“It’s the emblem of the king of Annwn,” I said.
He looked a bit queasy. I looked around the room—at the horrible sculptures, at the curse sigils—and felt the chill creeping along my skin turn my body numb.
Neither of us seemed to want to say the name aloud now. Lord Death.
The familiar sound of scraping stones echoed up from far below. With one last shared look of horror, Emrys and I spun around, searching for any place to hide. There was no room behind the armor or in the cabinet. The shelves were too open and pressed to the wall. The only way out was up.
I led the way, switching off my flashlight and returning Ignatius to my bag. The upper deck was enclosed by a roof and four walls with large open windows that overlooked the courtyard below. We were at the very top of the tower—what I had thought was merely a decorative embellishment.
The door’s lock clanked open. I dropped down onto my stomach on one side of the stairs, moving far enough away from the edge to avoid being seen from below. Emrys did the same on the other side of the opening.
Don’t come up, I thought, don’t climb the stairs ...
A light patter of footsteps was accompanied by the whisper of fabric dragging over stone. Because I apparently hadn’t had my fill of stupid for the night, I inched closer to the opening in the floor, trying to see who had come in.
It was the same cloaked figure as before. The brightening sky revealed the deep blue tone of the fabric sweeping behind them as they stepped up to the cauldron. Closer now, I could see other details, too.
Raising a small, curved dagger, the figure pressed its vicious tip against their palm and, with a hiss of pain, slashed down. Blood dripped from the pale hand into the waiting pool of silver.
In the forest, the howling of the Children of the Night turned to screeching. It knifed at my ears, piercing every thought until I was desperate to clamp my hands over my ears.
They’re being controlled. The thought hammered in my skull. And if they could be compelled, what was to say they hadn’t been made—born of the dark chamber below us?
The cloaked figure lingered by the cauldron, listening. Clearly satisfied, they started toward the door. As they passed by the suit of armor, the movement was enough to shift the bottom of the hood, revealing a hint of a braid.

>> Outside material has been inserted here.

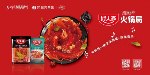 火锅是一种生活态度,就像音乐。如果说火锅是唇齿间的享受,是口舌之欲的放肆,那么音乐就是鼓膜的享受,是情感的共鸣。“好人家”品牌的态度是“苛刻坚守好原料”,做有态度的火锅底料,网易云音乐的态度是希望用音乐的力量点燃对生活的希望,重拾对生活的态度。

It took me a moment to realize why it was so difficult to see reflected in the surface of the breastplate. It was the same color as the cloudy metal.
Silver.
Cold, deadly silver.
Knowing another uninviting dawn was upon us and there would soon be people working in the great hall, Emrys and I waited only a few minutes before rising and silently making our way down into the gallery of death. My heart was thundering in my chest as we followed the path out through the storage chamber and into the tunnel.
The back of Emrys’s hand brushed mine again and again as we hurried along the corridor and over the roots. I couldn’t seem to pull away any more than I could put words to what we’d seen.
We emerged from the hidden doorway just as the first of the women arrived at the great hall with their looms. Their eyebrows rose at the sight of us alone together, but I was beyond caring or trying to explain it away. It didn’t matter. None of it mattered, except getting us back to our own world.
Our eyes met one last time on the steps leading into the courtyard, an unspoken promise passing between us. The Children had quieted with the coming of daylight, but the relative silence felt all-consuming without the calls of birdsong to comfort us. It left a different kind of ache in me, a longing for the ordinary I’d never appreciated before.
“Oh—I was just coming to find you!” Olwen’s bright voice was jolting after the dark hell we’d crawled out of. She seemed to appear out of nowhere, her gray dress and white apron blending into the colorless morning. Her inky-blue hair waved around her, as if drifting in water.
“We’re about to pull up the stones to see if the earth beneath will take crops,” she continued. “That is ... if you feel well enough for it?”
Emrys hesitated but plastered a smile on his face. “Of course.”
“Are you certain?” Olwen’s dark eyes narrowed with consideration. “You look a bit peaky.”
“Just didn’t sleep very well,” he assured her.
Or at all, I thought.
“The Children were restless last night, and something was amiss with them this morn,” Olwen said, shaking her head.
“Did they ... do anything?” I asked.
“They’ve not moved at all, I’m afraid,” she said. “Cait suggested we try to dispel them with fire and arrows if they still haven’t gone by nightfall.”
“And that’s not an option now because ... ?” I prompted.